Wolfgang Tillmans, installation view of “To look without fear” at The Museum of Modern Art, 2022. Photo by Emile Askey. Courtesy of The Museum of Modern Art, New York.
Tillmans’s ease of capturing a subject as it is extends to portraiture of all kinds, whether it’s of people he knows, or celebrities like Chloë Sevigny, Moby, Liv Tyler, or even Lady Gaga. What’s interesting about the celebrity images, too, is that they rarely take up large wall space; they’re often tiny in comparison to the photos of Tillmans’s aforementioned muses. The notable exceptions are the photos of the decorated DJ Smokin’ Jo and Frank Ocean.
The latter’s photograph, which covered Ocean’s iconic 2016 album Blonde, is a centerpiece of the exhibition. It’s another way Tillmans trounces expectations of a typical museum show—these are not all blown-up celebrity Avedon portraits. In other words, “To look without fear” is the collective view of a life that also includes some famous people, but the life and the work are much more, much bigger than that. It’s refreshing that Tillmans doesn’t rely on celebrity in this show, but rather leans into the ideas and the people that inspired his earliest photographs in the first place.
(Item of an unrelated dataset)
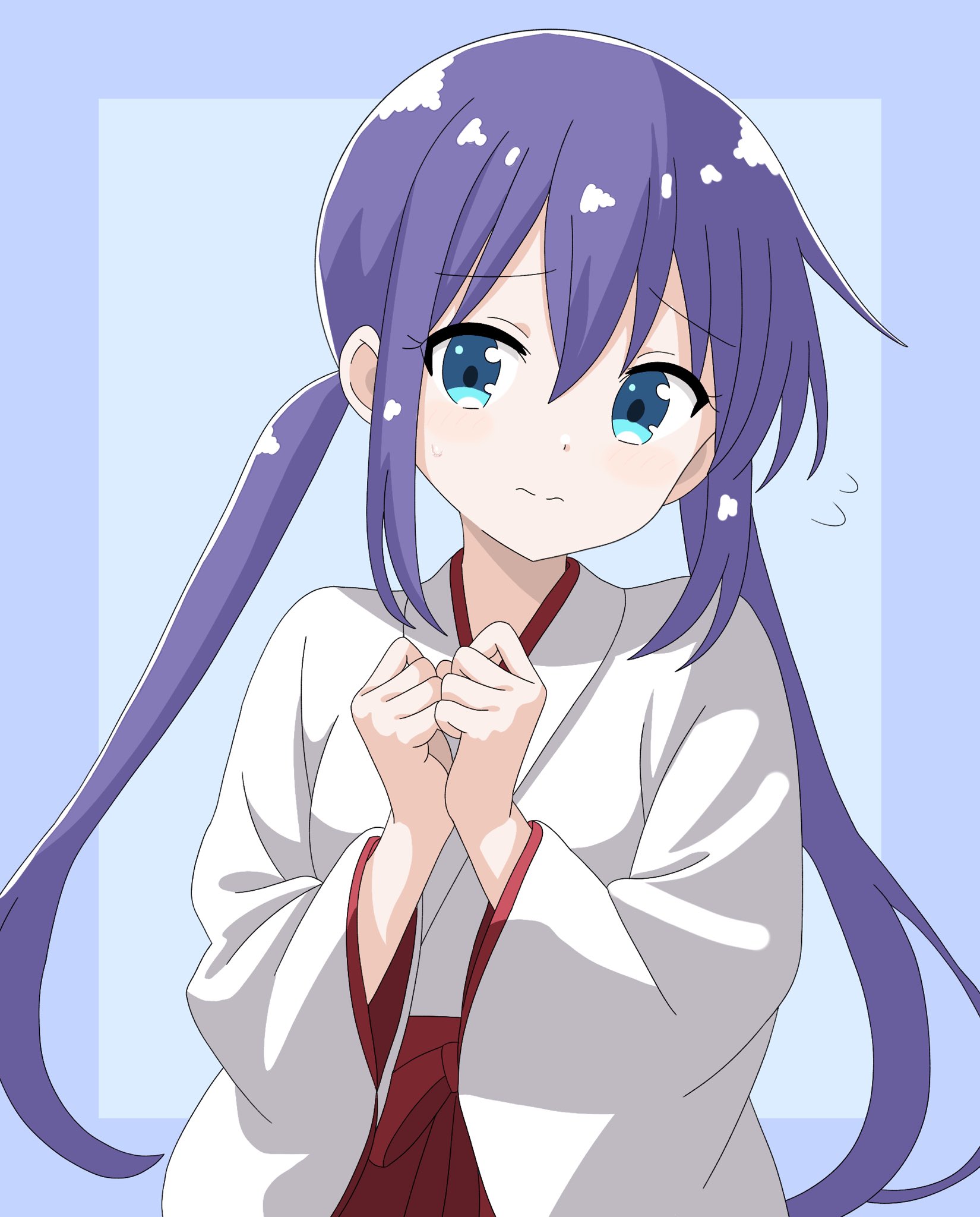 1girl alternate_costume blue_background blue_eyes blue_hair blush closed_mouth dot_nose feet_out_of_frame female_focus hair_between_eyes japanese_clothes jin_1116 koisuru_asteroid long_hair long_sleeves looking_at_viewer manaka_ao miko simple_background solo standing sweatdrop twintails

Wolfgang Tillmans, installation view of “To look without fear” at The Museum of Modern Art, 2022. Photo by Emile Askey. Courtesy of The Museum of Modern Art, New York.
Yet while the show fills 11 rooms, parts of it read less like a survey of Tillmans’s essential work and more like a bid to fill space. This is especially true of the gallery of disappointing digital images that includes a series made at produce trade show Fruit Logistica. The space swaps the poignancy and empathy of Tillmans’s other work for images that feel more sterile and unproductively meandering. There’s an argument to be made that this is the purpose of the digital work, the likes of which are stereotyped for their hyper-cleanliness of imagery, but the lack of soul here feels more banal than contemplative.
Wolfgang Tillmans, wake, 2001. Courtesy of the artist; David Zwirner, New York / Hong Kong; Galerie Buchholz, Berlin / Cologne; and Maureen Paley, London.
The final portion of the exhibition, the 2001 installation Science Fiction/Hier und jetzt zufrieden sein that Tillmans made with sculptor Isa Genzken, features his photograph wake, depicting the day after the massive party Tillmans threw to commemorate the closing of his first London studio. It’s the perfect way to end the show: The photograph asks us to look at ourselves as we cross into this moment, even if only in spirit. We are also now the insider and the outsider.
Despite being made over 20 years ago, before everyone had a camera in their pocket, wake is presented among a cascade of mirrors ripe for selfies, allowing viewers to capture themselves and their own ephemerality even if Tillmans can’t. It’s a smart addition that centers the work in the here and now, adding to it a certain timelessness. And while not everything in the exhibition is a hit, it’s clear that in his artistic explorations, Tillmans certainly accomplishes his own directive of thinking, creating, living, and looking without fear.